Starting point is 00:35:56 I don't think that's as much value for many organizations as just focusing on the production incidents that have been the result of a release or sprint from a specific team. So being able to tie that accountability and ownership and again, enabling the teams to then figure out, you know, hey, why is it that this happened in production? Why did we not see it pre-production? And what are some things that we could do to change now so that we don't have that in the future? So again, those two pieces are probably other items

Starting point is 00:36:22 that I would highlight given your question there. That's really amazing because you're talking about now not just monitoring the applications, but monitoring, maybe lack of a better word, monitoring the pipe line or monitoring the release process and collecting metrics on the releases themselves, not just application and hardware and process metrics, but tracking those actual release metrics that's um that's that's a new idea to me so thank you for bringing that up yeah and i like so i like the two metrics just to re to to to recite you said the first metric was the percentage of stories or commits based on the story they committed to, right?

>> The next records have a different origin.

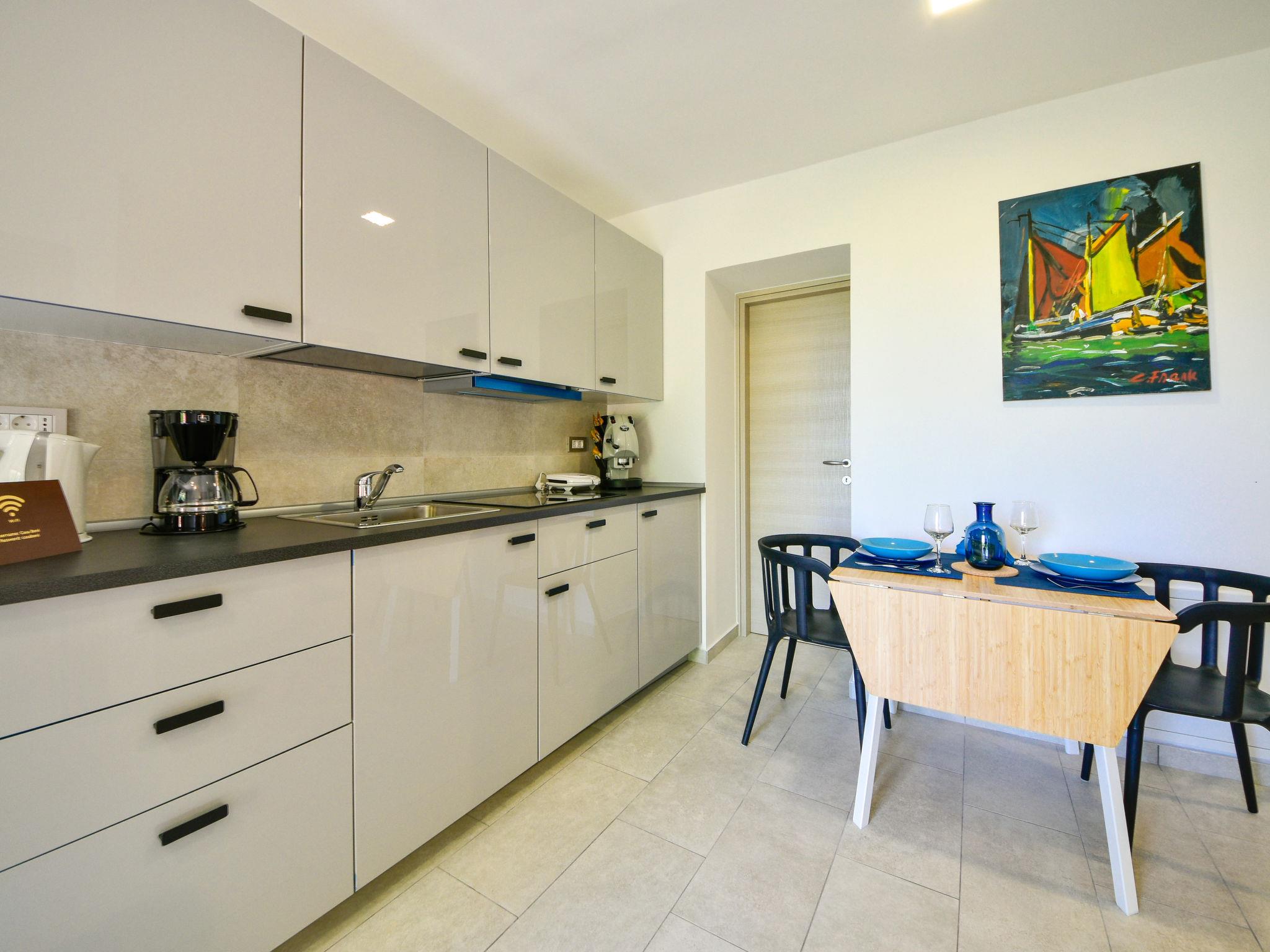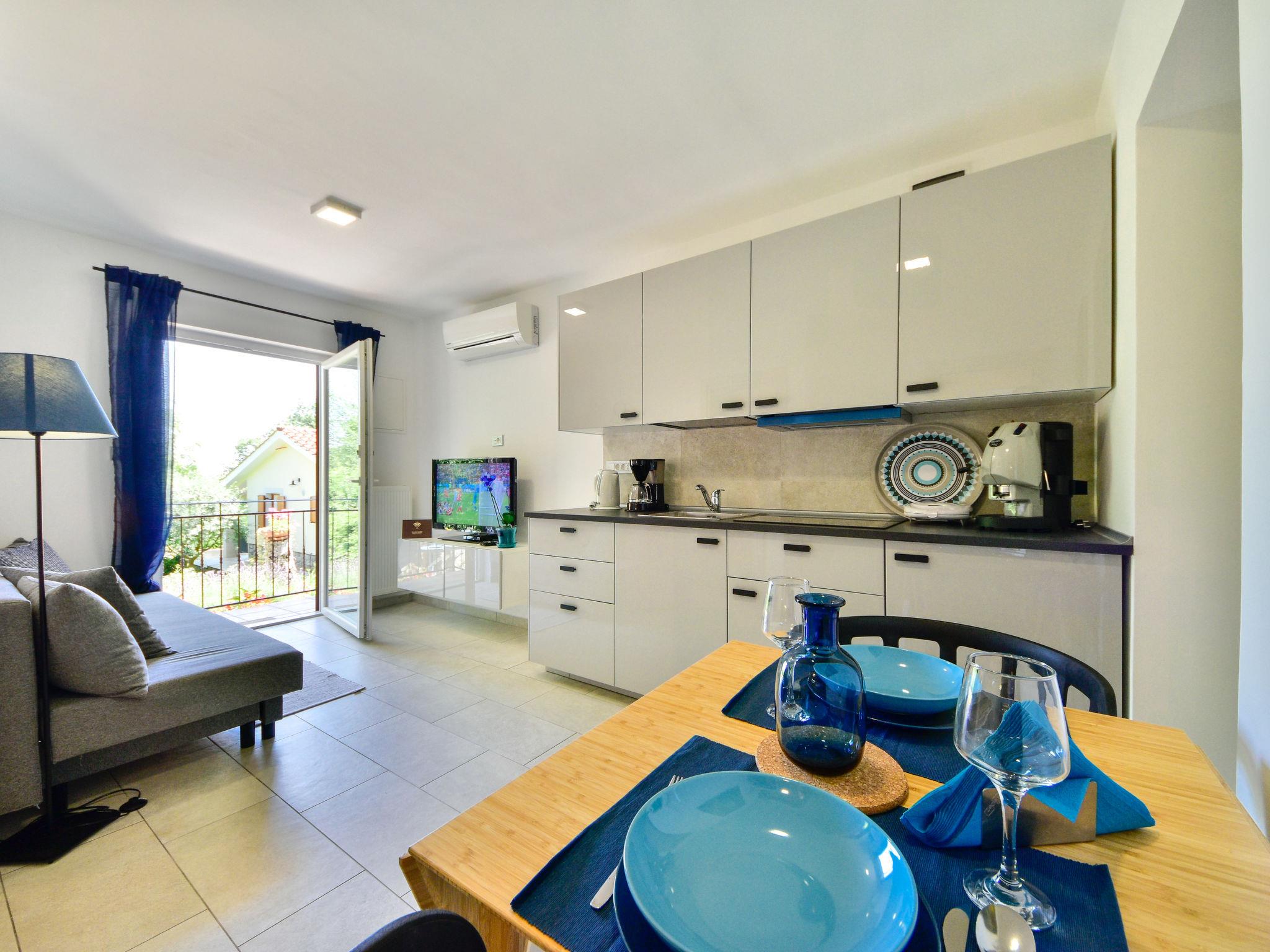 2-room apartment 25 m2, on the upper ground floor, south-east facing position. Fully renovated in 2018, beautiful and modern furnishings: living/dining room 12 m2 with satellite TV (flat screen), air conditioning. Exit to the terrace. 1 room with 1 french bed (160 cm, length 200 cm). Open kitchen (4 ceramic glass hob hotplates, electric coffee machine). Shower/WC. Oil heating (extra). Terrace 6 m2 partly roofed. Terrace furniture. Facilities: Internet (WiFi, free). Please note: private entrance. Traditional Istrian tavern for shared use.
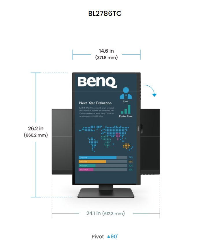 BenQ LCD BL2786TC 27" IPS/1920×1080/100Hz/5ms/DP/HDMI/USB/Jack/Repro/VESA/Pivot/černá
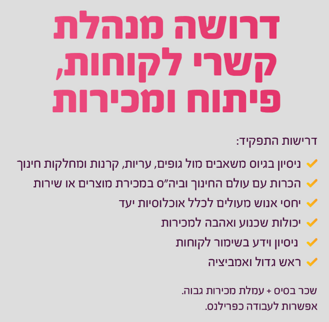 דרושה מנהלת קשרי לקוחות, פיתוח ומכירות
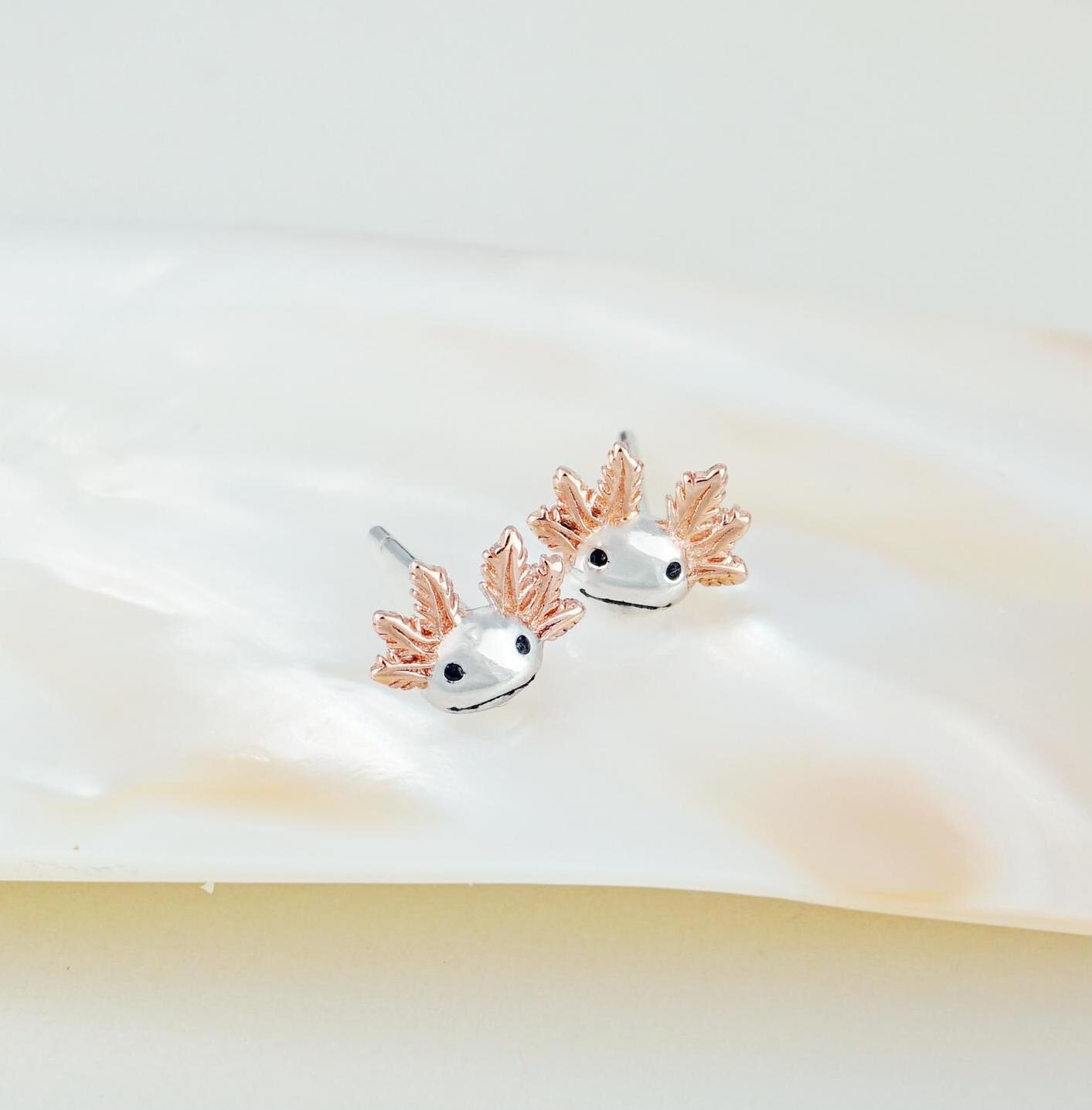 The combination of sterling silver and rose gold plating ensures durability and lasting shine, making these earrings a cherished addition to your jewelry collection. Embrace the enchanting allure of our Tiny Axolotl Stud Earrings and make a unique statement wherever you go. Order now and adorn yourself with these whimsical treasures that capture the spirit of the axolotl in stunning detail.
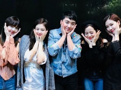 사진 속 승리는 블랙핑크 멤버(로사, 제니, 지수, 로제)들과 꽃받침 포즈를 하며 밝은 미소를 짓고 있다. 특히 이들은 다정한 포즈를 취하며 소속새 선후밴의 친분을 과시해 눈길을 끈다.
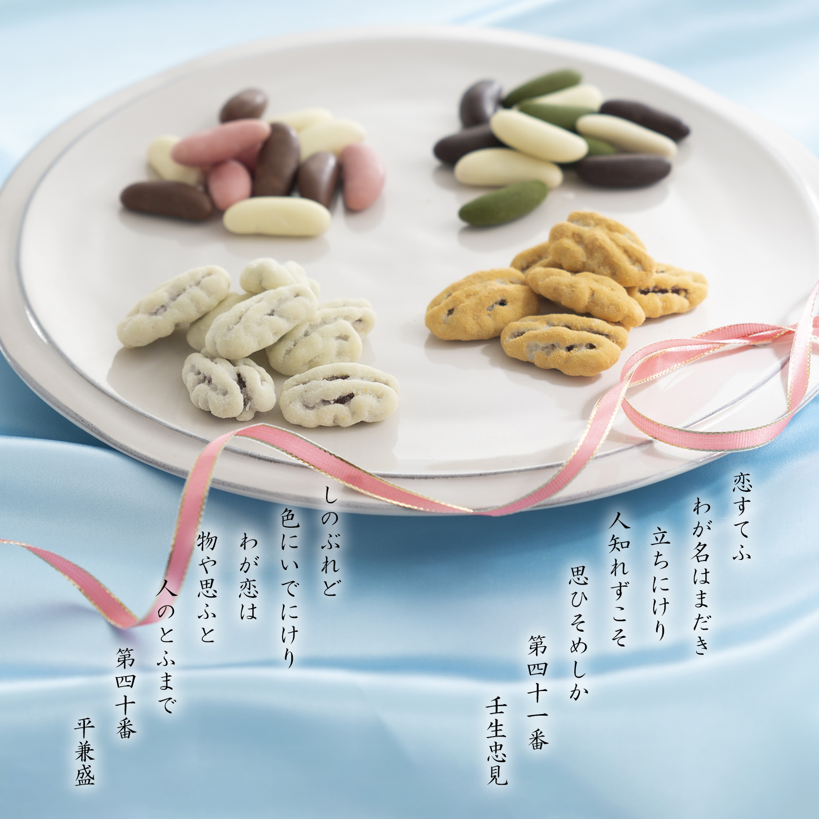平安時代、内裏歌合わせで結びを飾り競い合った壬生忠見と平兼盛の優劣つけがたい恋歌2種に思いを寄せた「想ひそめし」と「ペカンナッツショコラ」の詰め合わせです。

Starting point is 00:37:06 Correct. Yeah. And the second one was the number of incidents in production. Not necessarily bugs, but incidents, right? So you might have a bug where, okay, the text field didn't have a limit, something silly and insignificant like that, and who cares about that? But when you actually have a production production incident that's a much better metric i think and that kind of ties into a lot of what we talk about right because a lot of it is are you monitoring the the proper metrics right so that that concept of the production incidents i think is a much more mature way of looking at it

Starting point is 00:37:40 so that you don't get clouded by all these little minor things that might not really matter so much. And it's actually a great quality metric that also I think is easy understandable to business. Because if we have a certain amount of incidents, I can probably also correlate that to how many main hours did I spend to work on these incidents, whether it's in first-level support, second-level support, or in engineering. And also what was the impact to the customer. And I think this is a great way to correlate business metrics or business answers with the quality that comes in from the pipeline. And then we know, hey, in the last three months with every release,

Starting point is 00:38:19 we saw an increase in production incidents and an increase in customer impact. And we know exactly which features it actually, from where it came from, then I can make an investment and say, well, now it's about time to fix this because the trend is alarming

Starting point is 00:38:33 and we need to work on that. Yeah, and on a related note, if I can switch a teeny bit here, Todd, I was reading one of your entries on TechBeacon, by the way. Do you, is TechBeacon, by the way. Is TechBeacon yours, or do you write a lot for that? So I was one of the co-founders of TechBeacon, but TechBeacon is an HPE-sponsored website. What's extraordinarily unique about it is you probably saw it's content-rich rich and all of the contributors are practitioners

Starting point is 00:39:07 like you and I. So again, what you're getting is pure content. There's no sales involved, as you could tell on the site, but it's just wonderful content. And again, I'm a high contributor, but also one of the original co-founders. You're not in Denver, right? You said you're a high contributor. I'm kidding. Okay. So the reason I brought it up, right, it's on techbeacon.com. Go check it out if you're listening.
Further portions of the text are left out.